First of all, let’s get our definitions clear. In today’s environment, we are dealing principally in the context of this symposium with the studio producer. The executive producer is altogether a different beast, though the combined job existed during the age of Walter Legge, John Culshaw and continued even up to my time. In other words the person who followed the artist into the studio was also central to their engagement to the label, repertoire planning and developments through the length of a recording contract. This combined job would now seem to belong to an earlier age.

There can be no dispute that today’s musicologists have much to contemplate, with Legge’s signings to EMI of Callas, Schwarzkopf, Karajan, Klemperer and de los Angeles, or John Culshaw’s Ring recording with Solti and Decca’s own host of signings: Tebaldi, Sutherland, Ashkenazy, Solti and Pavarotti. A studio producer is often the only person who has a clear idea of the genuine capabilities of the artist. The executive producer who remains in his or her office is, in my experience, disadvantaged by being placed in a relationship with an artist which demands that he or she view them as the marketing people wish to present them. It is the classic situation of being made to believe your own PR. It does not provide the executive producer with the first hand experience necessary in bringing together an artist’s aspirations with what is genuinely possible and even desirable for the maintenance of a positive relationship between artist and label.

My observation has always been that every intelligent artist wishes to rise to unfamiliar challenges, meaning that they often try to take on projects that satisfy their own musical and intellectual ambitions, while not providing an organic development from what they do best at that particular point of time in their relationship with the label and their public. To give a hypothetical example: a harpsichordist may indicate that she wishes to follow her recordings of the Swedish Baroque, regarded by public and press alike as groundbreaking, with a recording of say, the complete piano works of Liszt. The executive producer does not have the benefit of having worked with the keyboard player in the studio and can only take it on trust that the artist feels this progression to be the best in their recording development. The artist, on the other hand, though flattered at the reputation of being the number one interpreter of Swedish harpsichord music, feels that she needs to establish her credentials in something she sees as being more challenging and open to general competition. If the executive producer has a weapon at all, (and to be truthful, this weapon has become more powerful in recent years), it is that the marketing department would not be able to sell the performer in a recording of Liszt. Unfortunately, if the artist has commercial muscle, the executive producer has little to fall back on and either has to count the departure as a necessary evil in order to get more of what the artist does best at a later date, or lose credibility as they try to keep it from happening at all, usually on the orders of someone so high up that they have no contact with the people or issues involved.
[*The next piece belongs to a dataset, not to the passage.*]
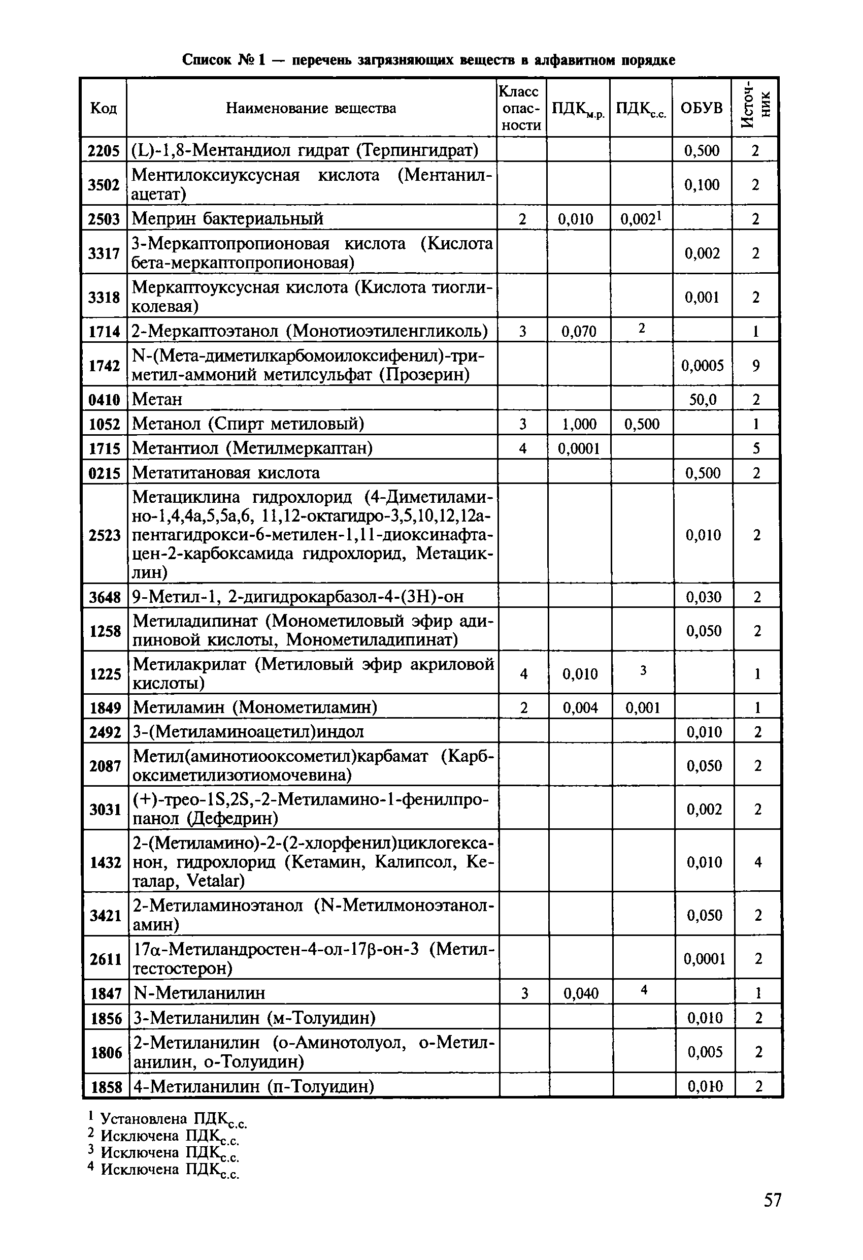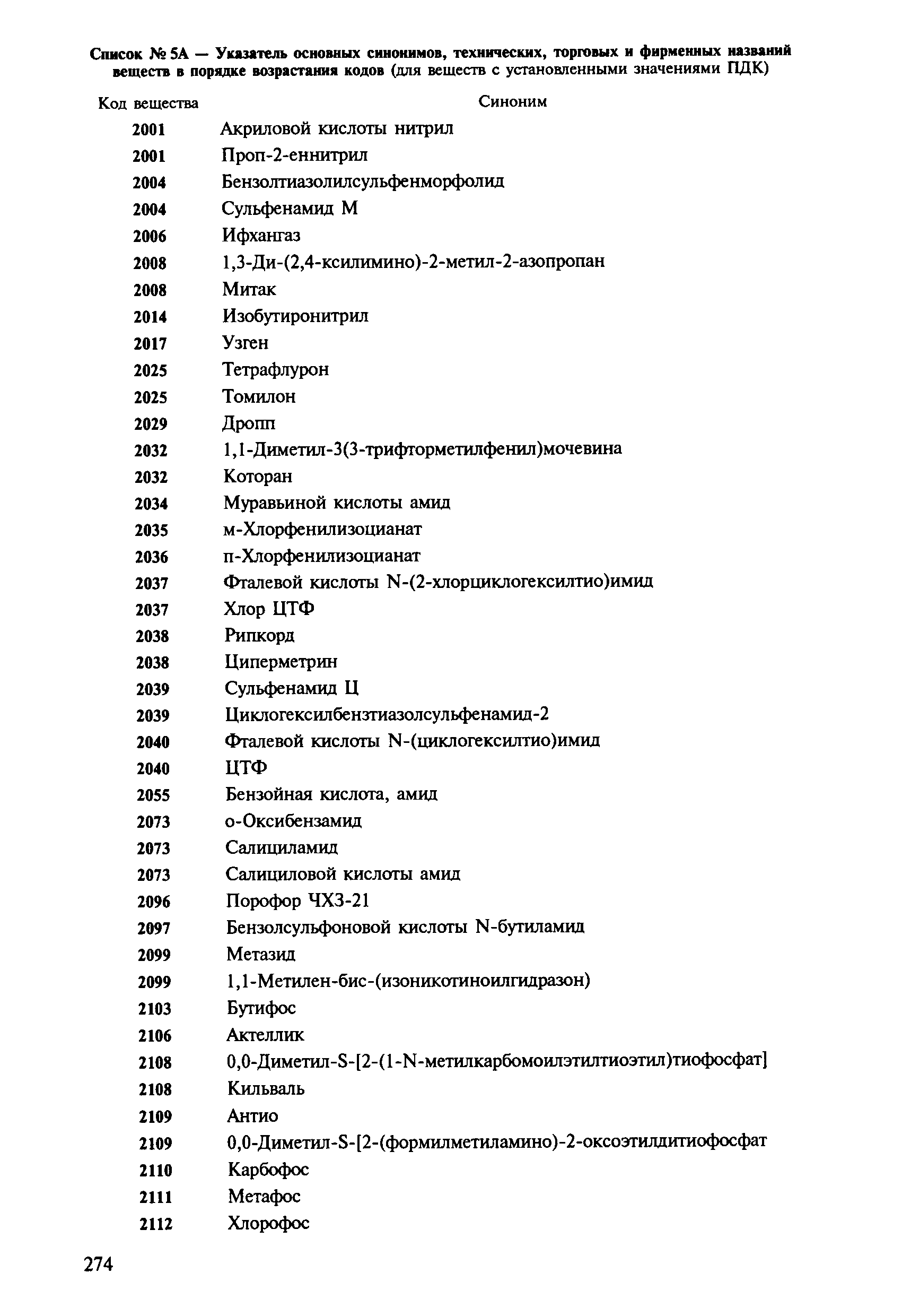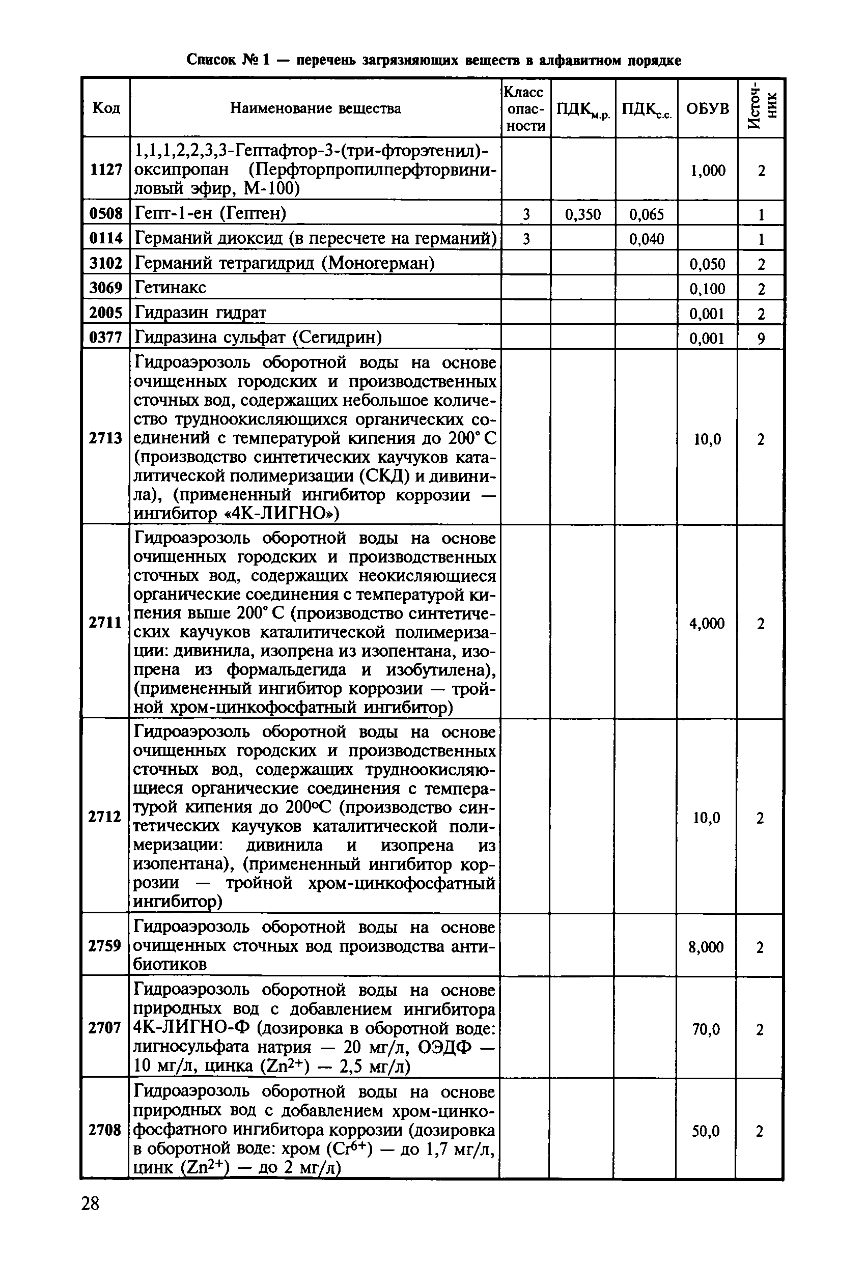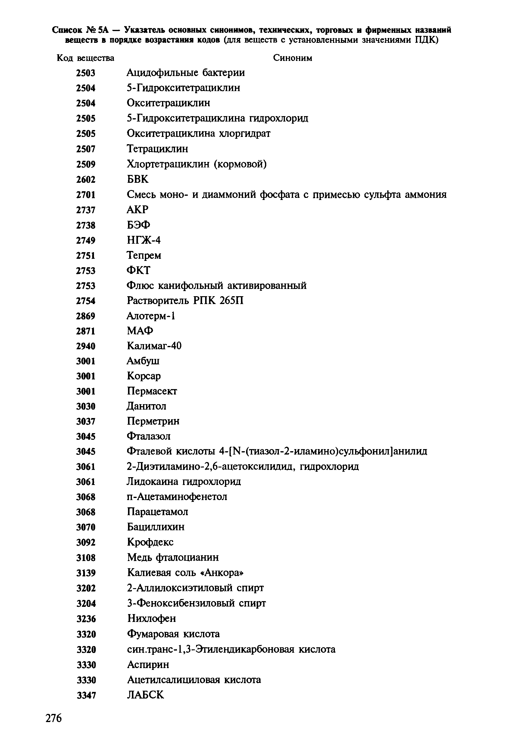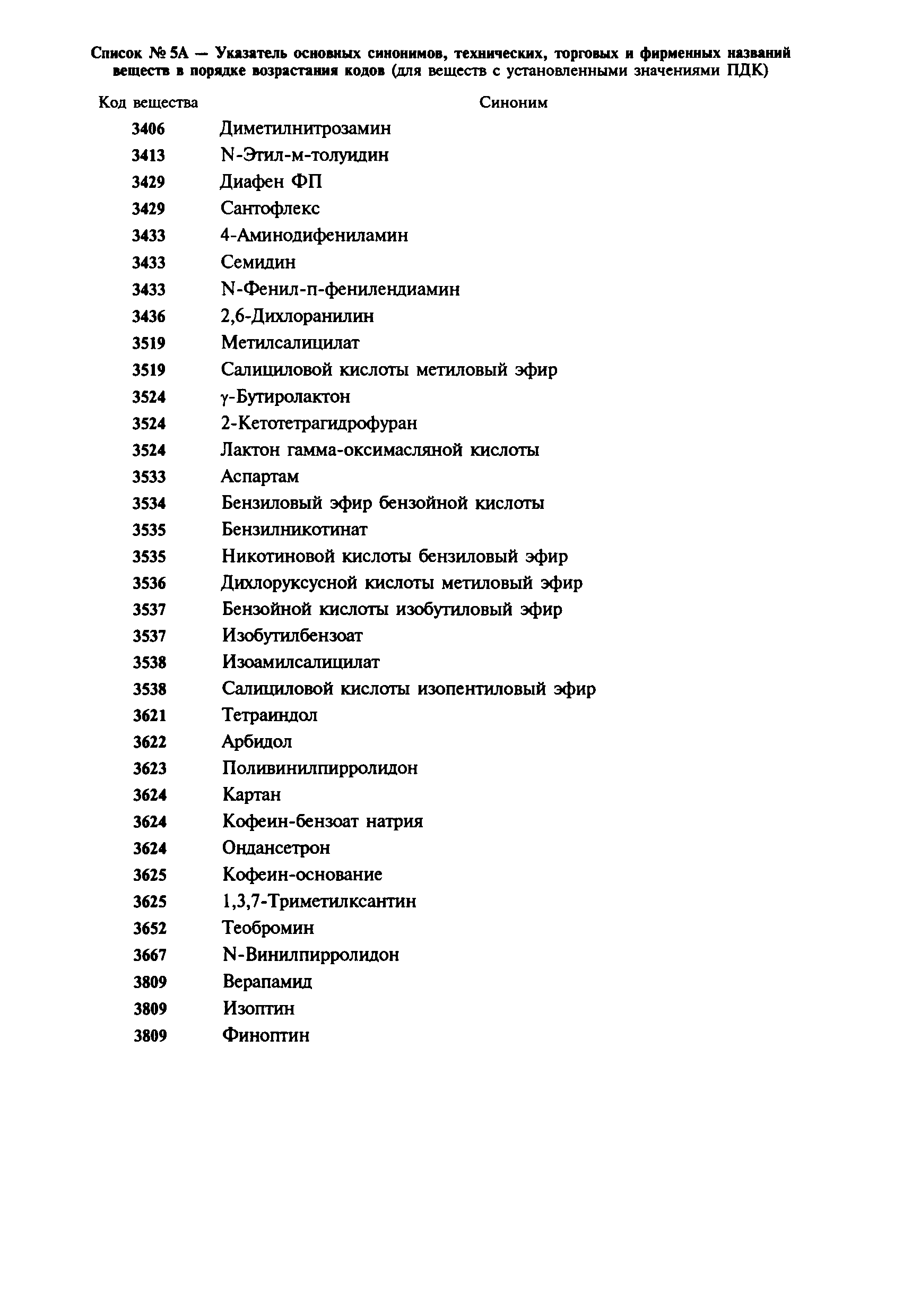 | Оглавление: | Список № 1 Перечень загрязняющих веществ в алфавитном порядке Список № 2 Перечень загрязняющих веществ в порядке возрастания кодов Список № 3 Перечень ЛОС в порядке возрастания кодов Список № 4 Указатель основных синонимов, технических, торговых и фирменных названий веществ в алфавитном порядке А. Для веществ с установленными значениями ПДК Б. Для веществ с установленными значениями ОБУВ Список № 5 Указатель основных синонимов, технических, торговых и фирменных названий веществ в порядке возрастания кодов А. Для веществ с установленными значениями ПДК Б. Для веществ с установленными значениями ОБУВ |

Today’s executive producer is in the thankless position of having all of the corporate responsibility while lacking the musical authority which would come with studio work.

Let’s take a real life example. I remember a phone call from a producer at Deutsche Grammophon wondering how to deal with John Elliot Gardener’s desire to record Kurt Weill. As we know, the recording of 7 Deadly Sins took place. But rhetorically, I wonder if it wasn’t because of too many such excursions that when it came to the proposal to record the complete Bach Cantatas, obviously repertoire that is more identified with Gardener, the label dropped him. DGG has almost always worked on the basis of executive and studio producers being two different people. At Decca and Sony, I carried out the function of executive and studio producer with artists as diverse as Matthias Goerne, Andras Schiff and Ute Lemper while carrying forward the repertoire planning for a number of other more established artists such as Solti and Abbado with whom I also continued to
work in the studio.

Ultimately, the wedding of repertoire to artist is the primary function of the executive producer and in my opinion, this can not easily be divorced from work in the studio.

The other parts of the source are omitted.